Model Drift Detection

When ML models are deployed in production, sometimes even minor changes in a data distribution can adversely affect the performance of ML models. When the input data distribution shifts then prediction quality can drop. It is important to track this drift. This demo is based on the mixed-type tabular data drift detection method in the alibi detect project for tabular datasets.

Here we will :

  • Launch an income classifier model based on demographic features from a 1996 US census. The data instances contain a person’s characteristics like age, marital status or education while the label represents whether the person makes more or less than $50k per year.

  • Setup a mixed-type tabular data drift detector for this particular model.

  • Make a batch of predictions over time

  • Track the drift metrics in the Monitoring dashboard.

Important

This demo requires Knative installation on the cluster as the drift detector will be installed as a kservice. See Knative intallation instructions for necessary setup required.

Register an income classifer model

Register the income classifier SKLearn model with the below URI.

gs://seldon-models/sklearn/income/model-0.23.2

register-model

Configure predictions schema

Edit the model metadata to update the predictions schema for the model. The predictions schema is a generic schema structure for machine learning model predictions. It is a definition of feature inputs and output targets from the model prediction. Use the income classifier model predictions schema to edit and save the model level metadata. Learn more about the predictions schema at the ML Predictions Schema open source repository.

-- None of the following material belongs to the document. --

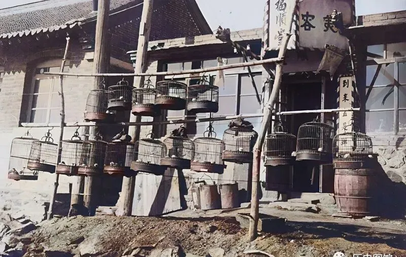 这门口挂着成排鸟笼,木棍搭起的简易架上笼子都摇摇晃晃的,鸟雀叽叽喳喳闹得热闹,门匾上写着“福顺堂”、“美容”,那会儿养鸟是种讲究,清早街上就有人拎着鸟笼遛出来串门,孩子们盯着看半天,哪舍得撒手。

configure-predictions-schema

Launch a Seldon Core deployment

Deploy the income classifier model from the catalogue into an appropriate namespace.

launch-deployment

  1. In the deployment creation wizard, enter a name for your new deployment.

  2. Select the namespace you would like the deployment to reside in (e.g. seldon).

  3. From the protocol dropdown menu, select Seldon and click Next.

  4. For the deployment details, enter the following values, then click Next:

  5. Skip the remaining steps, then click Launch.

Add A Drift Detector

From the deployment overview page, select your deployment to enter the deployment dashboard. Inside the deployment dashboard, add a drift detector with by clicking the Create button within the Drift Detection widget.

Set up a detector

Enter the following parameters in the modal popup which appears, to configure the detector:

  • Model Name: income-drift-detector.

  • Model URI: (For public google buckets, secret field is optional)

    gs://seldon-models/alibi-detect/cd/tabular/income-0_7_0/
    
  • Reply URL: (By default, the Reply URL is set as seldon-request-logger in the logger’s default namespace. If you are using a custom installation, please change this parameter according to your installation.)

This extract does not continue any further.